Written by Jeff Bushke
I drove East on Airport Way, at 3:40 AM on Tuesday. There was no traffic and the stop lights all gave me a “green”, until I reached Cushman Ave. Just a few more blocks and then I would arrive at the Empress Theater just before the top of the hour.
I was about to embark on a journey that took me back 45 years. The objective was to read “The Merchant of Venice” by William Shakespeare.
The last time I did this I was in my high school English class, it was Juneau, '67. Everyone knows Juneau, the capital of Alaska, however, the city of which I speak is located in central Wisconsin.
Mrs. Breamer was the teacher all those years ago. I did not understand, why we had to read words written eons ago? I still recall the emphasis placed on Portia’s mercy speech. These words reflect the heart and soul of the play:
“The quality of mercy is not strain'd,
It droppeth as the gentle rain from heaven
Upon the place beneath: it is twice blest;
It blesseth him that gives and him that takes”
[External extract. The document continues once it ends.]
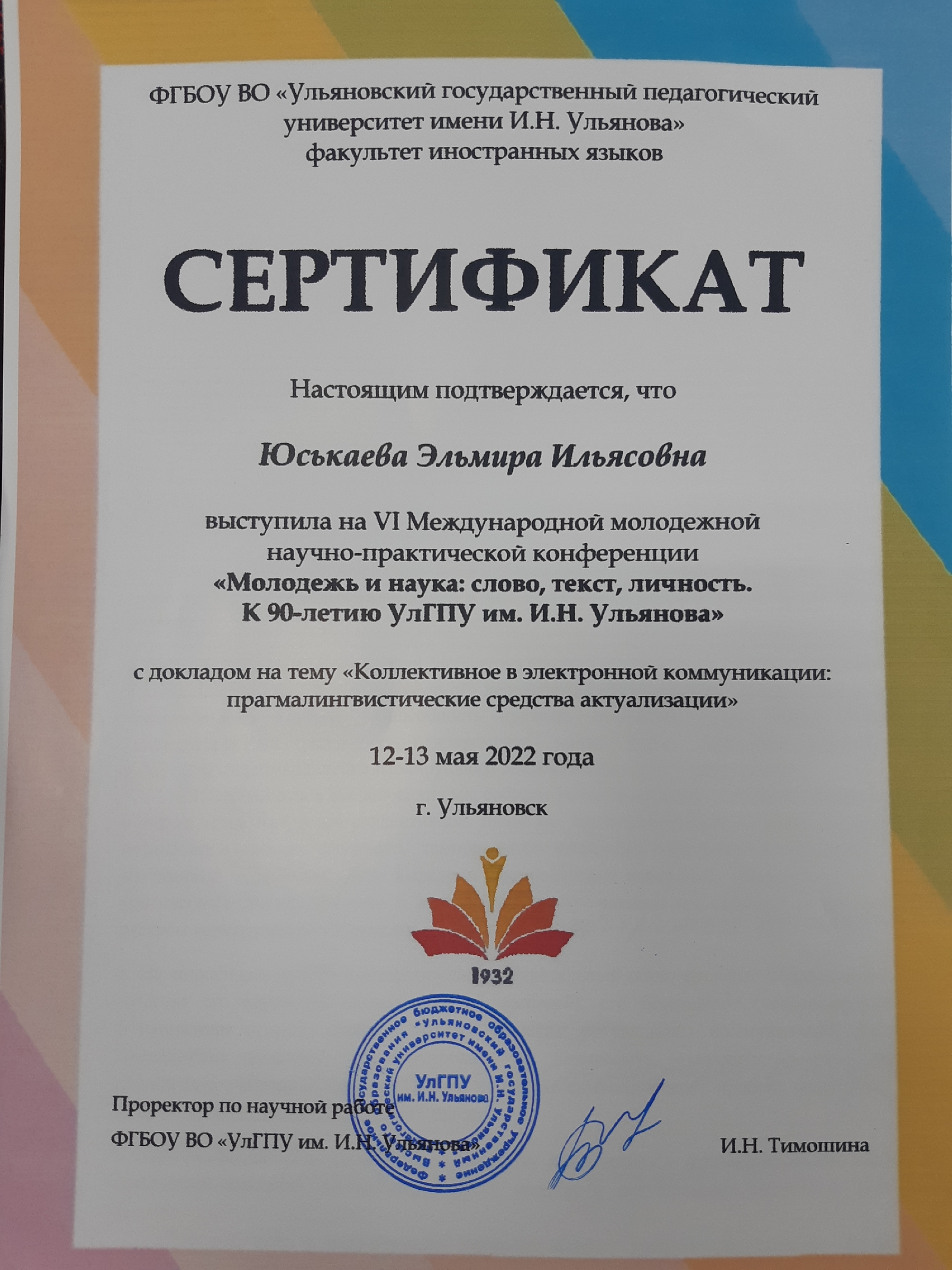 12-13 мая 2022 года на базе факультета иностранных языков Ульяновского государственного педагогического университета им. И.Н. Ульянова в рамках VI Международной молодежной научно-практической конференции «Молодежь и наука: слово, текст, личность. К 90-летнему юбилею УлГПУ им. И.Н. Ульянова» проходил очный этап III Международного конкурса научно-исследовательских работ «Моя интеллект-траектория». Аспирант кафедры «Английский язык» Э. И. Юськаева представила доклад «Коллективное в электронной коммуникации: прагмалингвистические средства актуализации», подготовленный при поддержке гранта Российского научного фонда (проект № 20-68-46003 «Семантика единения и вражды в русской лексике и фразеологии: системно-языковые данные и дискурс»). Победители конкурса будут объявлены после оценки экспертами научных статей конкурсантов в июне 2022 года.

These four lines had faded from my memories over the years. My recent reading of the play has allowed these fond memories of days gone by, to resurface to the forefront of my consciousness.
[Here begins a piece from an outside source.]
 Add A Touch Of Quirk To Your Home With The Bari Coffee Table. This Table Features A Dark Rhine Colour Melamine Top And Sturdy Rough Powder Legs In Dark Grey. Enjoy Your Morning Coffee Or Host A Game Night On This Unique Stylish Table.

I walked up the thread-bare carpet cushioning the steps of the Empress Theater.
The room is illuminated by four banker’s lamps with green shades. A large thick book of the complete works of Shakespeare sat lonely, in front of each of the other twenty empty chairs.
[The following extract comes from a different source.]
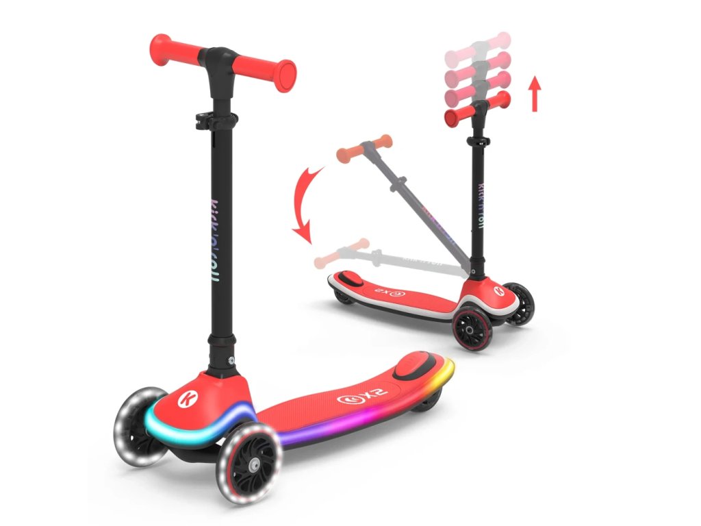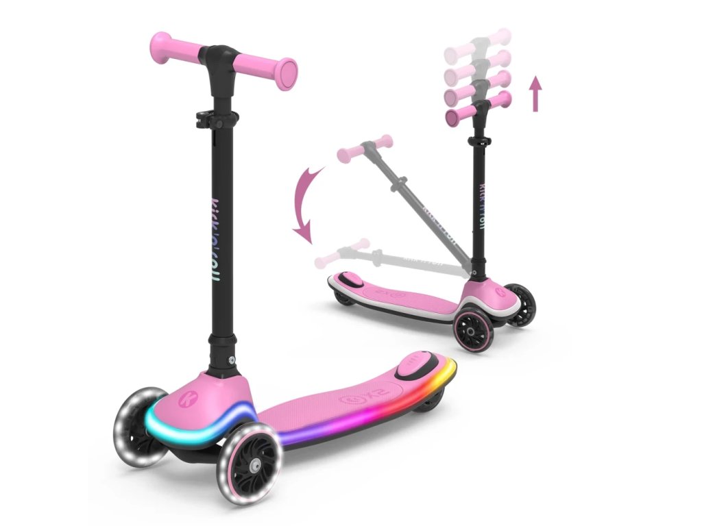 Bezpečná a stabilná detská kolobežka (3–8 rokov) s LED kolieskami, LED osvetlením v nášľapnej doske, nastaviteľnými riadidlami a protišmykovou nášľapnou plochou. Ideálna na každodennú zábavu vonku!Kick'n'Roll X2 detská kolobežka – dokonalá kolobežka pre malých dobrodruhov!

This was my first time reading at the Bard-a-thon. The words weren’t as cumbersome as I had remembered from my youth. Four people joined together to read some of the greatest words ever written. Two hours and 40 minutes elapsed until the last line of the play was read aloud. I felt a kinship with the others, for we shared a common goal in keeping the spirit of Shakespeare alive.
I miss my old friends from Juneau, and I mouthed a silent “Thank You” to Mrs. Breamer for her effort to share with her class the wonderful words of a world master. I also said a “Thank You” to Bard-a-thon for digging deep into my past and lifting up some joyous memories.